この中間的な趾骨の形状は、樹上での生活と許容的な地上での二足歩行の、入り混じった行動のレパートリーを反映していると、考えられる。この足形態がアウストラロピテクスの効率的な二足歩行ができず、、立脚期の終わりにつま先を地面から離すために、エネルギーが浪費される’high-stepping’歩行だったことが示唆された。
長い外側のつま先は、これらの初期のhomininsで歩行の運動学に影響を及ぼしたかもしれない、しかし、彼らの長い外側のつま先が歩行中、屈筋張力にほとんど影響を及ぼさなかったことを、我々の現代人のデータは示す。しかし、アウストラロピテクスの長い外側のつま先が、ランニングのパフォーマンスに悪影響を与えていたことを、データは示唆する。ランニングのつま先長と屈筋バイオメカニクスの間の相関関係は、外側のつま先ではわずかに有意なだけだったが、重回帰分析は、現代人のつま先が平均よりわずか20%長いと(84vs69mmの母趾長;Table2)、ほぼ二倍大きなピーク張力と力積を必要とすることを示した(Table7)。推定によって、afarensisのような40%長い外側のつま先をもつ現代人は、現人類の母趾の出力に相当する、平均よりほぼ3倍大きなの足指の屈筋張力、力積と仕事を必要とする(Fig.3)。
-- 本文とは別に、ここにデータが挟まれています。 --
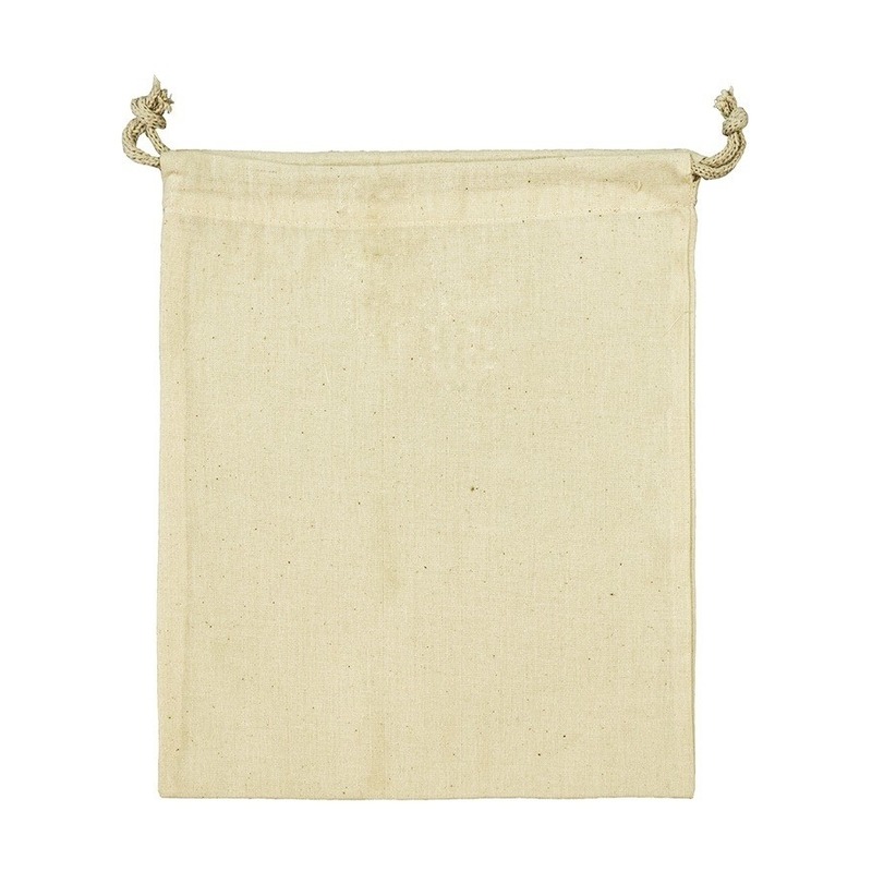 Canvas opbergzakje met koordje. Het zakje heeft verstevigde stiksels bij de handvaten. Geschikt om te borduren en te bedrukken. Formaat: ca. 10 x 14 cm. Bedrukbaar formaat: ca. 7 x 10 cm. Materiaal: 100% katoen, 140 grams kwaliteit. Kleur: beige.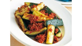 あっさりとした味わいのズッキーニとかじきに、アンチョビのうまみとにんにくの風味がよくマッチします。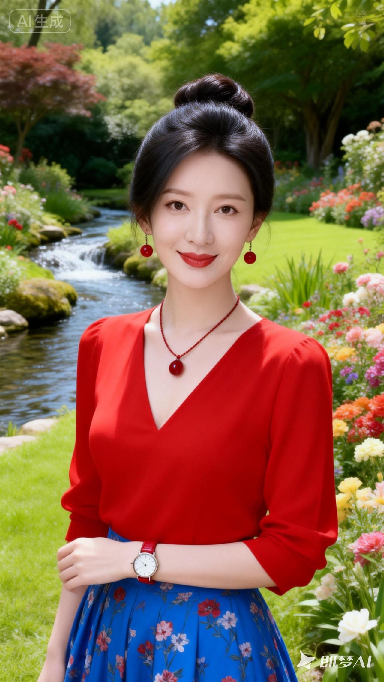 在花海中绽放,红裙与绿意相映成趣,自然与优雅并存。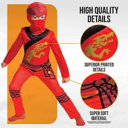 Oryginalny kostium inspirowany popularnym serialem NINJAGO i zabawkami LEGO ucieszy wszystkich miłośników pełnych akcji przygód. Dzięki dopracowanym detalom i wygodnemu krojowi dzieci łatwo wcielą się w rolę odważnego Kaia.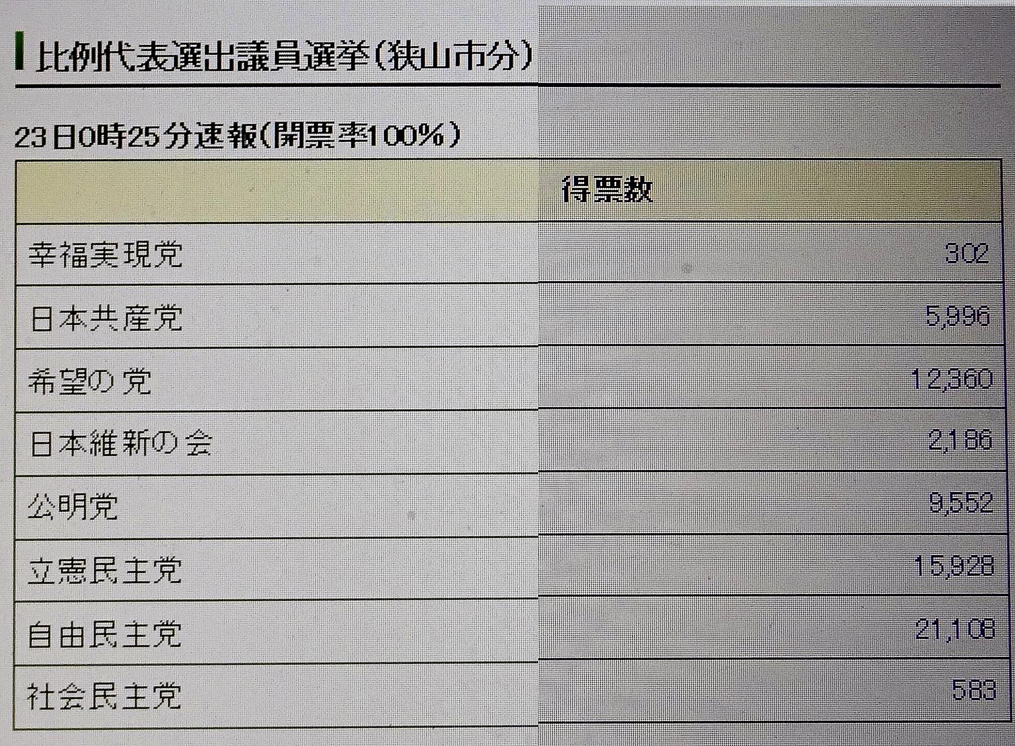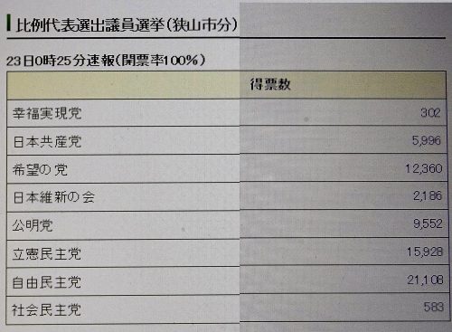 「開票結果【衆議院比例代表選出議員選挙】」- 飯能市オフィシャルサイト

たとえA.afarensisが小さな背丈で、現人類のようにならなかったとしても、A.afarensisの長い外側のつま先がランニングの立脚期の間、かなり大きな屈筋張力の産生を要していたことを、重回帰のデータは示唆する。特に、これらのhomininsが生息地を広げるために、食物パッチの間でより広い範囲をカバーするために潜在的に走ることで、鮮新世の生活の断片化が増加した文脈の中で、より大きな張力を生み出すことに関連した代謝コストの増加は、特にアウストラロピテクスのフィットネスに影響を及ぼすことができた。短い外側のつま先の猿人は、明らかにポジティブなフィットネスへの結果として、代謝コストを下げるか、下肢の筋疲労を遅らせることがより可能であった。
このように、自然淘汰は鮮新世のアウストラロピテクスで、外側のつま先長を短くすることをすでに支持していたかもしれない。
残念なことに、初期のヒトの趾骨の化石がないため、つま先の形態が、いつアウストラロピテクスのより長い、曲がった趾骨から、現人類のユニークに短い外側の趾骨に変わったのか、不明である。
しかし、およそ200万年前に最初に現れたヒトの骨格的な適応は、半樹上生活の、類人猿のような種から、定期的に持久的ランニングができる二足動物への完全なる進化の文脈の中で、進化的な移行が生じたことが、最近示唆された。この研究の結果はこの仮説と一致している。そして、短いつま先がおよそ200万年前にヒト属で進化した、持久的ランニングのための形態的・行動的セットの一部であることを示唆する。